À un risque d’embrasement général. Si le conflit Iran–Israël se propage, il affectera tout le Moyen-Orient. Et ce sera encore une fois l’Afrique qu’on oubliera, y compris dans ses propres crises comme au Sahel ou au Soudan. Il y a un risque réel que demain la même sentence soit réservée à l’Afrique « puisqu’ailleurs on le fait, pourquoi pas chez nous ? » Ce serait catastrophique. Nous sommes dans un moment de désordre mondial, presque de dé-civilisation. L’usage de la force est banalisé, même par les plus grandes démocraties comme les Etats-Unis. Et cela pose un problème moral majeur.

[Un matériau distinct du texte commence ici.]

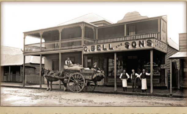
G Bell & Sons, 1896

The grocery and drapery business managed by the Bell Family traded for 80 years. G Bell & Sons opened in 1881 and the family residence was built on the western side of the shop.

Ce contexte pourrait-il être une opportunité pour l’Afrique de proposer une nouvelle posture diplomatique ?
Oui, et c’est même une nécessité. L’Afrique doit affirmer qu’elle est là pour défendre un ordre international fondé sur le droit, la justice et le respect des souverainetés. Le multilatéralisme est notre seule chance, et il faut le défendre activement. Nous devons montrer que nous sommes là et ne peut pas laisser les grandes puissances se partager le monde comme avant 1945. Ce serait un retour à l’impérialisme pur et simple. Et ce n’est pas ce dont le monde a besoin aujourd’hui.
Quand vous dites “nous devons montrer que nous sommes là”, à qui pensez-vous ?
Je pense à l’Union africaine, bien sûr, mais aussi aux intellectuels, aux artistes, à la société civile africaine. Ce sont eux qui peuvent faire émerger une parole forte. On l’a vu avec l’Afrique du Sud, qui a saisi la Cour internationale de Justice dans l’affaire de Gaza. C’est ce type de leadership moral qu’il faut multiplier. On ne peut pas accepter qu’un pays, sous prétexte de puissance, envahisse un autre ou fasse tomber un régime en éliminant ses leaders. Ce serait un retour à la barbarie, mais avec des outils technologiques ultra-performants. C’est inacceptable, et c’est aussi pour cela que les Africains doivent s’exprimer haut et fort.
Défenseur de la démocratie, quel message voulez-vous adresser au monde ?
Il faut qu’émerge une opinion mondiale contre l’usage de la force et contre la violation du droit international. Si des crimes de guerre, voire des génocides, sont commis, peu importe la puissance de l’État en cause, ses dirigeants doivent être jugés. Sinon, c’est la loi de la jungle qui s’installe, simplement avec des outils plus sophistiqués et puissants.